The William E. Cavness House was built in 1914 and is located at 606 N. 4th Avenue. William E. Cavness built this Craftsman Bungalow style house for his bride, Nettie. It was listed in the National Register of Historic Places on November 3, 2001, reference #01001191.
The Charles Dunlap House was built in 1914 and is located at 650 N. 1st. Avenue. This was the house of Charles Dunlap founder of the People's Ice and Fuel Company and the Phoenix Wood and Coal Company and listed in the National Register of Historic Places on November 30, 1983, reference #83003466. Designated as a landmark with Historic Preservation-Landmark (HP-L) overlay zoning. The structure is now occupied by a local law firm.
The Vernacular Farm Residence was built in 1915 and is located at 2956 E. Southern Avenue. The property was listed in the Phoenix Historic Property Register in September 1993.
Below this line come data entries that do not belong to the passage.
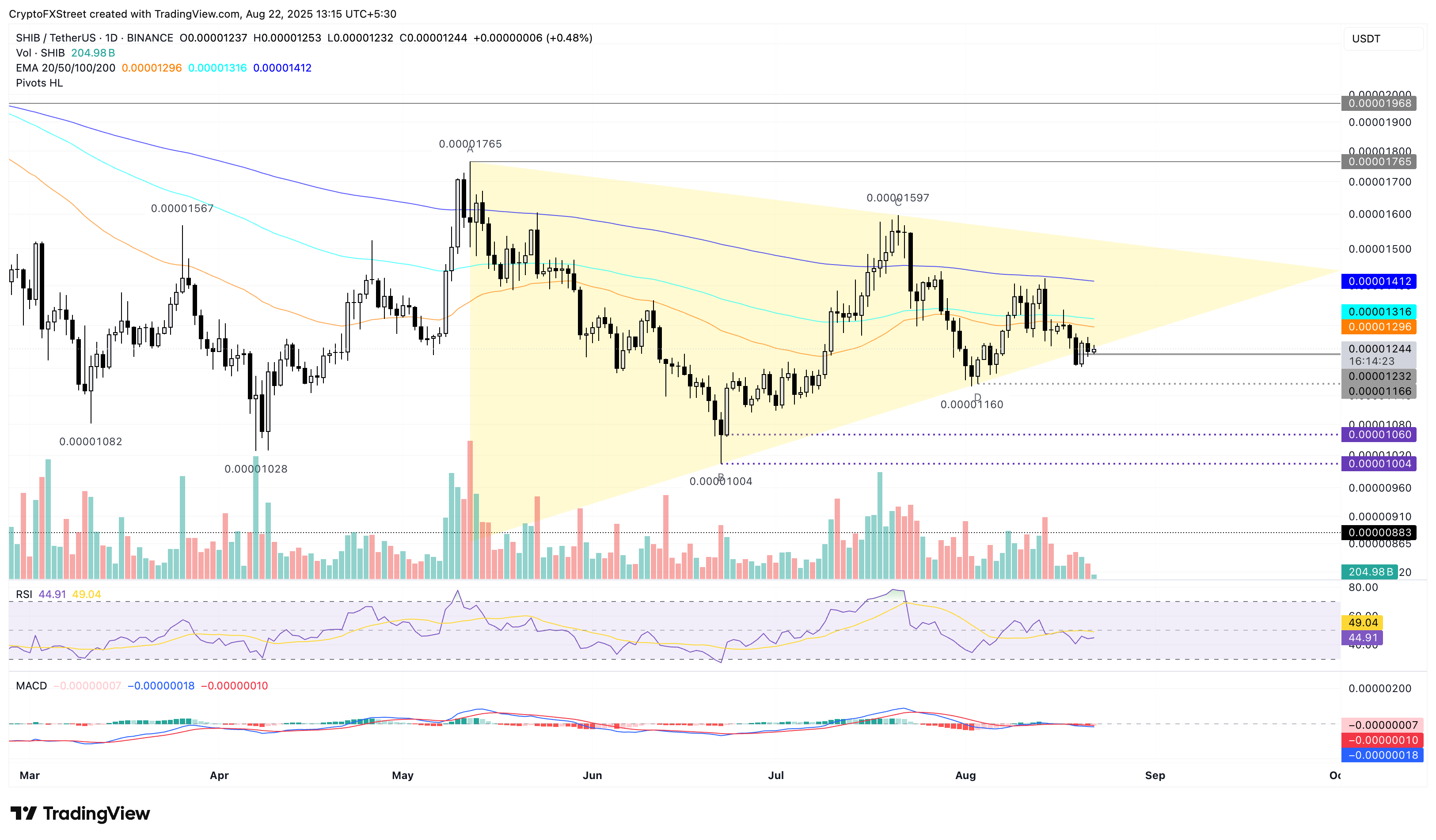 Shiba Inu se mantiene por encima de 0.00001244$ en el momento de la redacción el viernes, tras la caída del 1.59% del jueves. La moneda meme arriesga más pérdidas hasta el mínimo de 0.00001160$ del 2 de agosto si se rompen los niveles de soporte.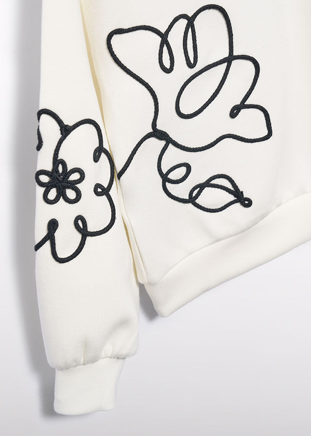 Mikina s originální květinovou výšivkou. Moderní bílá mikina s kulatým výstřihem a dlouhými rukávy. Přední i zadní část zdobí černé květinové motivy vytvořené vyšívanou linií, které působí hravě a stylově. Díky měkkému materiálu je pohodlná na každodenní nošení a žebrované lemy zajistí skvělé padnutí. Snadno se kombin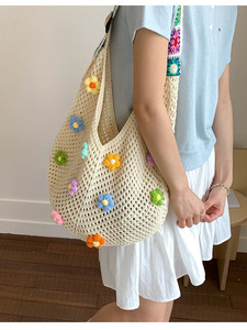 外国貿易大容量中空ニットバッグ女性のための夏 2025 新しい多用途ショルダーショッピングバッグ織トートバッグ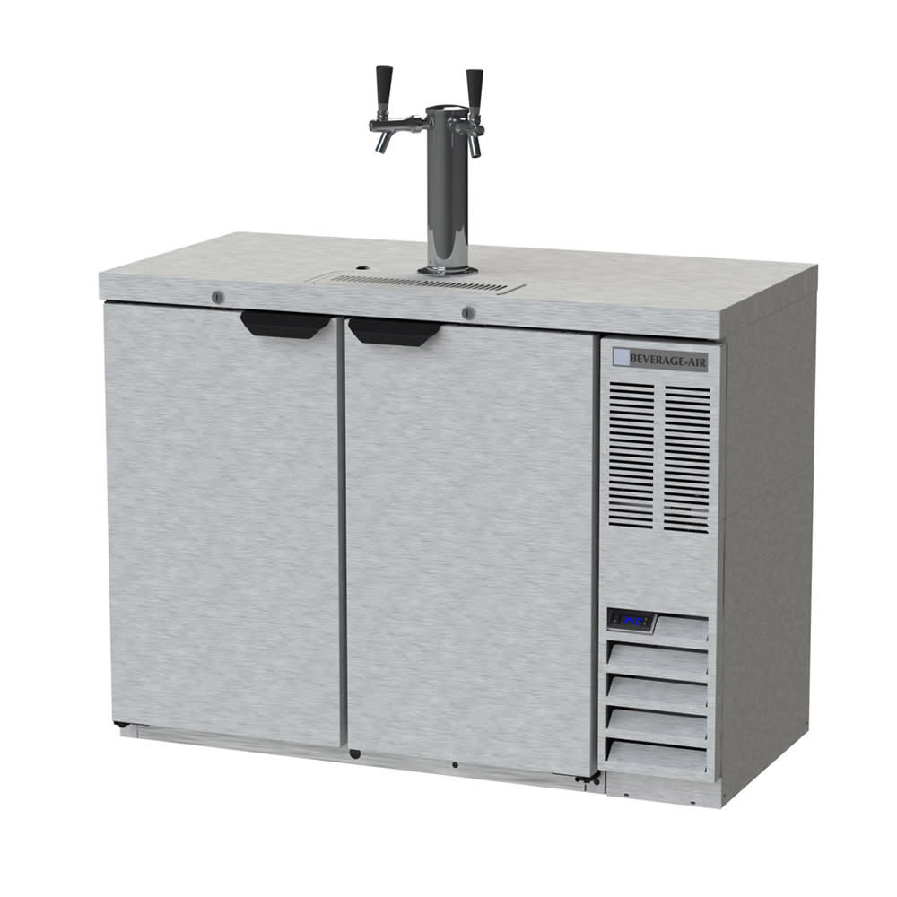 The Beverage Air DD48HC-1-S draft beer system has a self-contained condenser that produces product temperatures between 36 and 38 degrees Fahrenheit. To prevent temperatures from drastically changing, the unit has solid doors that prevent heat transfer and an insulated tower.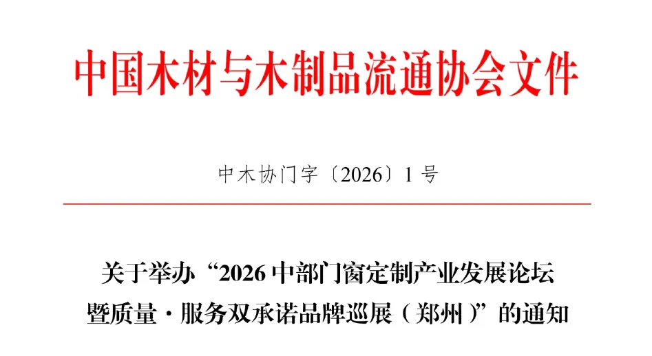 为把握新发展机遇,聚力推动中部门窗定制产业迈向新高地,我会定于2026年3月6日在郑州举办“2026中部门窗定制产业发展论坛暨质量·服务双承诺品牌巡展(郑州)”活动,现将有关事宜通知如下: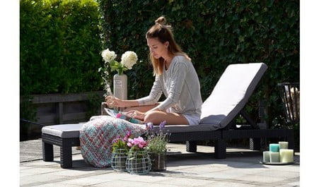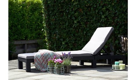 The Daytona sun lounger is the ideal partner when relaxing through the summer months. This comfortable sun lounger with full-length cushion has an adjustable back with 4 positions; ideal when you want to alternate from sitting upright to lying flat to sunbathe. The sleek rattan effect design is durable, weatherproof and fade-free so you can enjoy it all year round. However, the cushion will need to be stored indoors.

The Spanish Colonial Revival Residence located at 333 E. Carter Road was built in 1916. It was listed in the Phoenix Historic Property Register in July 1993.
The Dr. Ellis-Shackelfield House was built in 1917 and is located at 1242 N. Central Avenue. On November 30, 1983, the house was listed in the National Register of Historic Places, ref.: #83003475.
The living room of the Dr. Ellis Shackelford House. The house was built in 1917 and is located in 1242 Central Avenue. On November 30, 1983, the house was listed in the National Register of Historic Places, ref.: #83003475.
The Dension Kitchel House was built in 1918 and is located at 2912 E. Sherran Lane. It was listed in the National Register of Historic Places on May 19, 1994, reference #94000448.
The Kaler House was built in 1918 and is located at 301 W. Frier Dr. It was listed in the National Register of Historic Places on December 17, 1992, reference #92001686.
The Guy P. Nevitt House was built in 1919 and is located at 507 E. Moreland St. It was listed in the Phoenix Historic Property Register in September 2004.
The Winship House built in 1919 and is located at 216 W. Portland Avenue, Phoenix. It was built for Dr. Welter D. Schackelford and in 1923 sold to Fred Winship. The house is listed in the Phoenix Historic Property Register.
The Baker House was built in the 1920s and is located at 1418 N. Central Avenue. It is listed as Historic by the Phoenix Historic Property Register.
The Cole Mansion was built in the 1920s and is located at 1418 N. Central Avenue. It is listed as Historic by the Phoenix Historic Property Register.
The Frank and Emma Avery House was built in 1920 and is located at 4203 North 44th St. It was listed in the National Register of Historic Places on June 25, 2020; reference: #100005297
The Pieri-Elliot House was built in 1920 and is located at 767 E. Moreland St. It was listed in the National Register of Historic Places on December 29, 1983, reference #83003500.
The Mrs. Neal House was built in 1920 and is located at 102 East Willetta Street. According to the local media, this house is in danger of being demolished. It is listed in the Phoenix Historic Property Register.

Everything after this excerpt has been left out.